* Work to complete
Using the records below, copy exactly the part that opens with the line holding "Κάθε μέρα γίνεται" and closes with the line holding "1.在任意主频道,点击左上角头像,进入个人中心;点击【实名认证】进入认证流程;", minus the pictures.

* Records for this task

--------------------

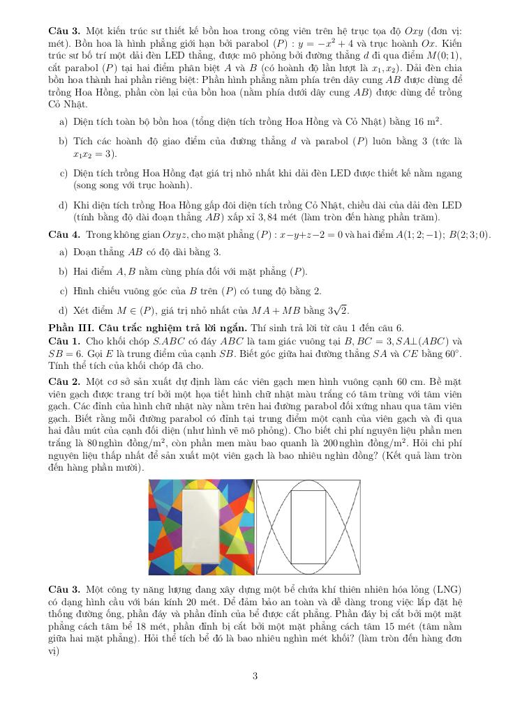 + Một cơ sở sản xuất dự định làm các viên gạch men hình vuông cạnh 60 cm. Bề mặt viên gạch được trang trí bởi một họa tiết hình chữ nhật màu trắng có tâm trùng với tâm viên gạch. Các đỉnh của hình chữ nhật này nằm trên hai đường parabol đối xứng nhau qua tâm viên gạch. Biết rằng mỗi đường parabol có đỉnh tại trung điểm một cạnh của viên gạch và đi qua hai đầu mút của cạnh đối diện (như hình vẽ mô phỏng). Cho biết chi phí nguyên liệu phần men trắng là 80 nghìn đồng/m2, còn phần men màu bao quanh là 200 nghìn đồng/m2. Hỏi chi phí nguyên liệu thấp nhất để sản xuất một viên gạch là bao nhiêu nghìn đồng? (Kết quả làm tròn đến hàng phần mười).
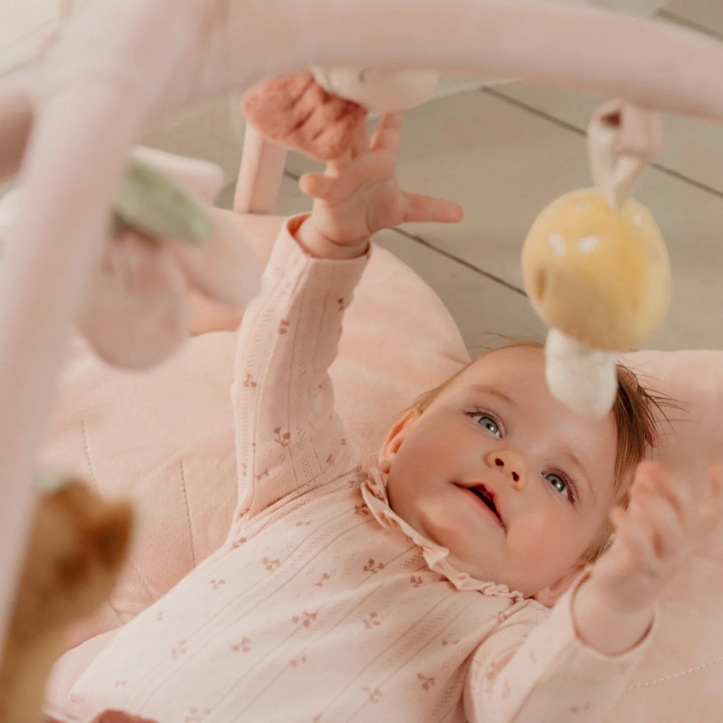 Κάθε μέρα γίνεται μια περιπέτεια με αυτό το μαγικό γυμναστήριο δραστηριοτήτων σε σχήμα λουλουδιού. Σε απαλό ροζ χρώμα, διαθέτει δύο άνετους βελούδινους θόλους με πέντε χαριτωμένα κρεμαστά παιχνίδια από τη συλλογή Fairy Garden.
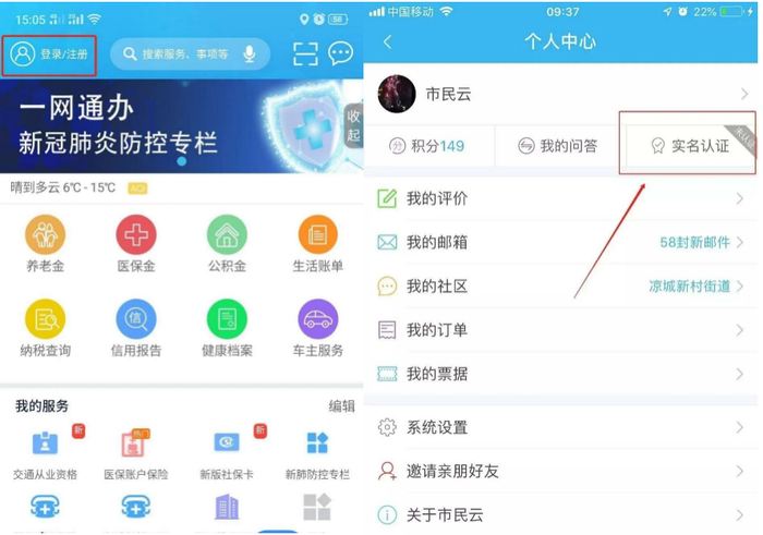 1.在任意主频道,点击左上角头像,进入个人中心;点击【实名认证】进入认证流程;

--------------------

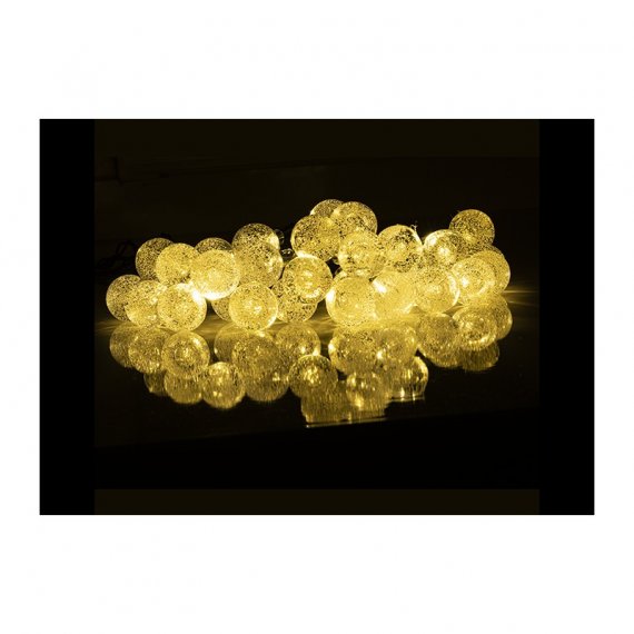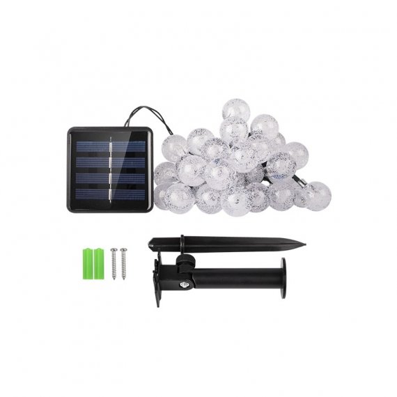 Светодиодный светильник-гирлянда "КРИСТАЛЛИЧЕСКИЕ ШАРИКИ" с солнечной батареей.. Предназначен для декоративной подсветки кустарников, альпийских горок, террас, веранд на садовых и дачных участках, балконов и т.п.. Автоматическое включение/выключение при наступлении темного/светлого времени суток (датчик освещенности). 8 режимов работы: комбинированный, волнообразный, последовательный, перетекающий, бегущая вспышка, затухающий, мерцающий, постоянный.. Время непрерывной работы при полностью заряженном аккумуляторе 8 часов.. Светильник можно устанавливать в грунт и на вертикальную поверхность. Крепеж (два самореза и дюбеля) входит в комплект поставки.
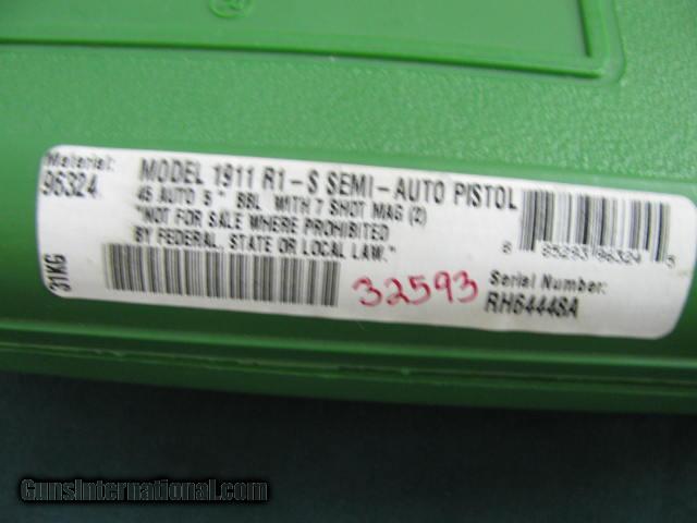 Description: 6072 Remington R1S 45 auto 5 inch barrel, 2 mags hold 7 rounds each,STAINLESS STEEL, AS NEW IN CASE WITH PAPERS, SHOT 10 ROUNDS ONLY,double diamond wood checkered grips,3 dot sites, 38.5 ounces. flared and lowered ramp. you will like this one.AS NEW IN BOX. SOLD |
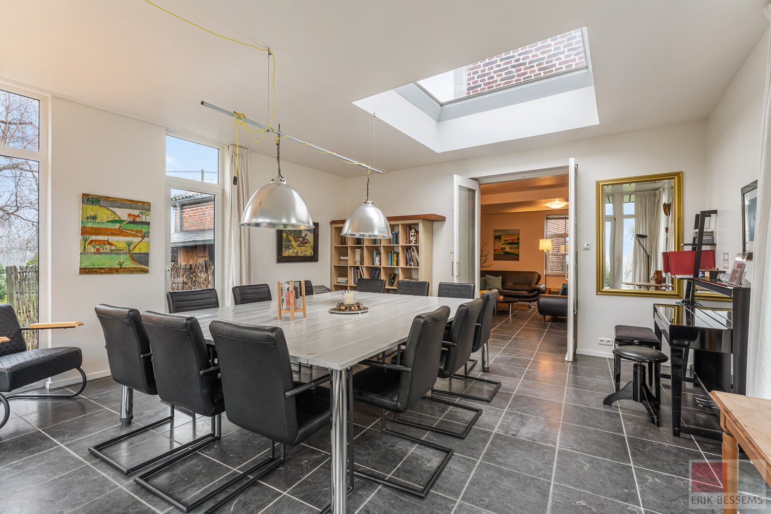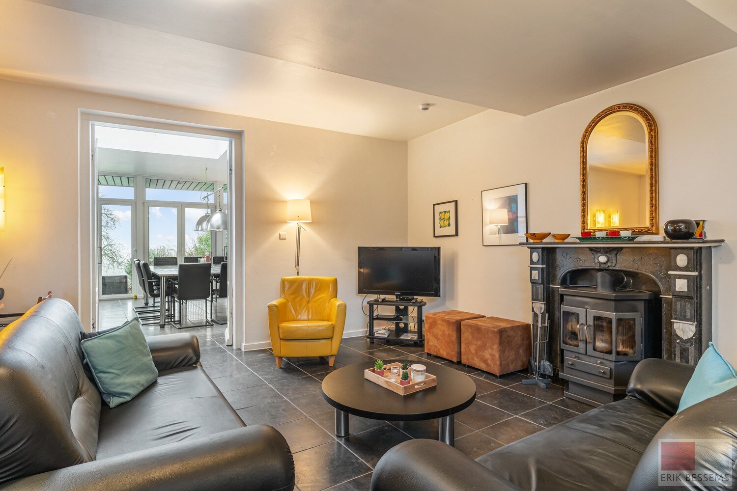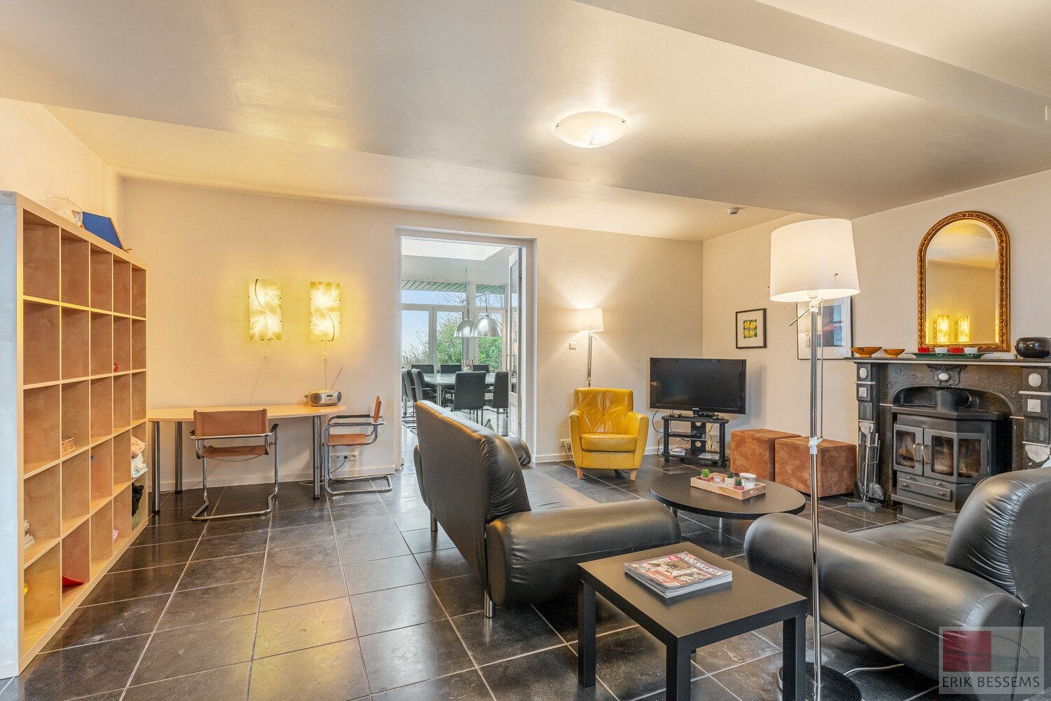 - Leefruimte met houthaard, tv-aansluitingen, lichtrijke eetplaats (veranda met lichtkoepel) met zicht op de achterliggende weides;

--------------------

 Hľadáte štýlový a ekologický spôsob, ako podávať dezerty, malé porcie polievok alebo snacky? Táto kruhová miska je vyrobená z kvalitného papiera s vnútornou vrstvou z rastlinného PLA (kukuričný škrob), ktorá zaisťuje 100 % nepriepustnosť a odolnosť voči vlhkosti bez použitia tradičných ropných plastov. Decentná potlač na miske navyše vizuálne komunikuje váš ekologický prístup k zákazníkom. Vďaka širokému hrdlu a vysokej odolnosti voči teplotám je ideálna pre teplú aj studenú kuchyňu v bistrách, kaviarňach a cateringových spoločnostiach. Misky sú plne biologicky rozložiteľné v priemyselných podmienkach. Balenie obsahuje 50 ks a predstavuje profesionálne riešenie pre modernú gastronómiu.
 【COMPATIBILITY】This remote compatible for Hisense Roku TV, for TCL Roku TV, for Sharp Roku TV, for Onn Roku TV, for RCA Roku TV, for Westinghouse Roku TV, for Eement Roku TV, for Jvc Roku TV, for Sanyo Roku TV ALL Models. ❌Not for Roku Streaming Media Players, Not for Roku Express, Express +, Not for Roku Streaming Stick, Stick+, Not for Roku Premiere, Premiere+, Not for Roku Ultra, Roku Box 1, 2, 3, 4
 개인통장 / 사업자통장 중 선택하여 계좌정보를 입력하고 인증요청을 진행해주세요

--------------------

* Reply to the task
 Κάθε μέρα γίνεται μια περιπέτεια με αυτό το μαγικό γυμναστήριο δραστηριοτήτων σε σχήμα λουλουδιού. Σε απαλό ροζ χρώμα, διαθέτει δύο άνετους βελούδινους θόλους με πέντε χαριτωμένα κρεμαστά παιχνίδια από τη συλλογή Fairy Garden.
 1.在任意主频道,点击左上角头像,进入个人中心;点击【实名认证】进入认证流程;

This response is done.